What you will do » Where the lines below hold images, skip those and copy every word exactly.

Data provided »

════════════════

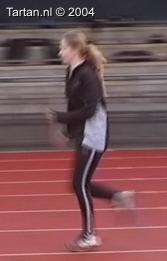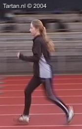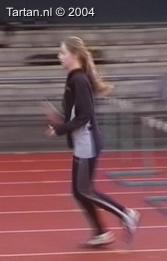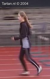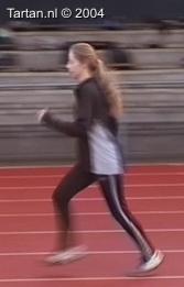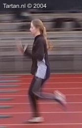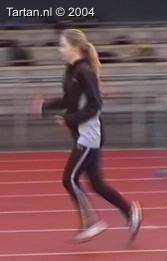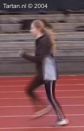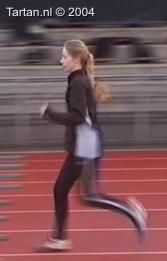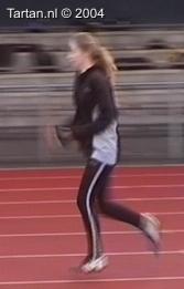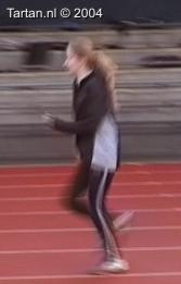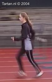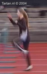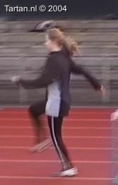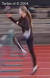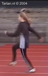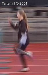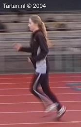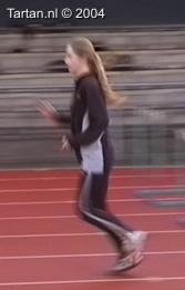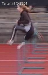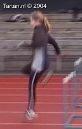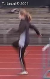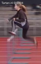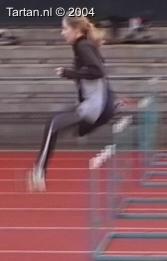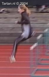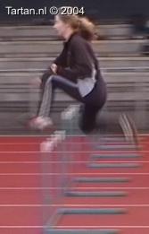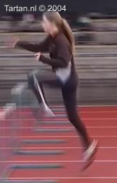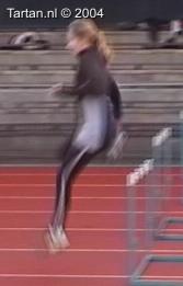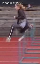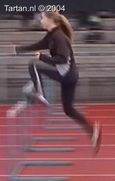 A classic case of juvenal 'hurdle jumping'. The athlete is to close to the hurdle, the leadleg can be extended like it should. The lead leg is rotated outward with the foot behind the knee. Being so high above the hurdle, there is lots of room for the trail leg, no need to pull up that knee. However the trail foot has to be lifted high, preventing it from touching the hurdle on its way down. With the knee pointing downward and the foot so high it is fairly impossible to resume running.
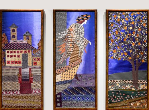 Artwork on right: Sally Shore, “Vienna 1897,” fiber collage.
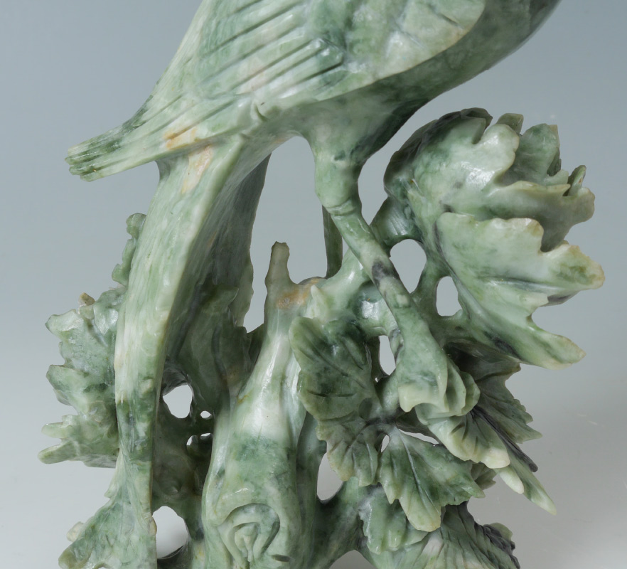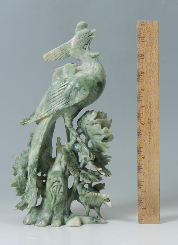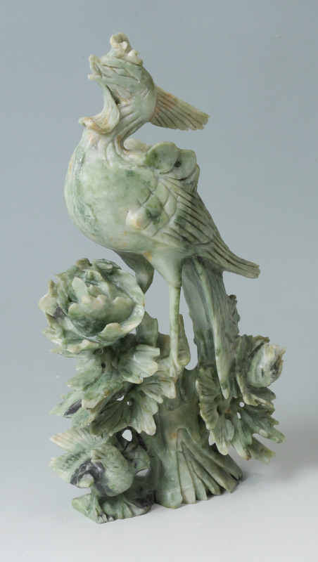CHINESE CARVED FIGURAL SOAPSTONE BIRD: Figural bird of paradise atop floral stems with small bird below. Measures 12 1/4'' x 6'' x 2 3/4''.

════════════════

The answer »
 A classic case of juvenal 'hurdle jumping'. The athlete is to close to the hurdle, the leadleg can be extended like it should. The lead leg is rotated outward with the foot behind the knee. Being so high above the hurdle, there is lots of room for the trail leg, no need to pull up that knee. However the trail foot has to be lifted high, preventing it from touching the hurdle on its way down. With the knee pointing downward and the foot so high it is fairly impossible to resume running.
 Artwork on right: Sally Shore, “Vienna 1897,” fiber collage.
CHINESE CARVED FIGURAL SOAPSTONE BIRD: Figural bird of paradise atop floral stems with small bird below. Measures 12 1/4'' x 6'' x 2 3/4''.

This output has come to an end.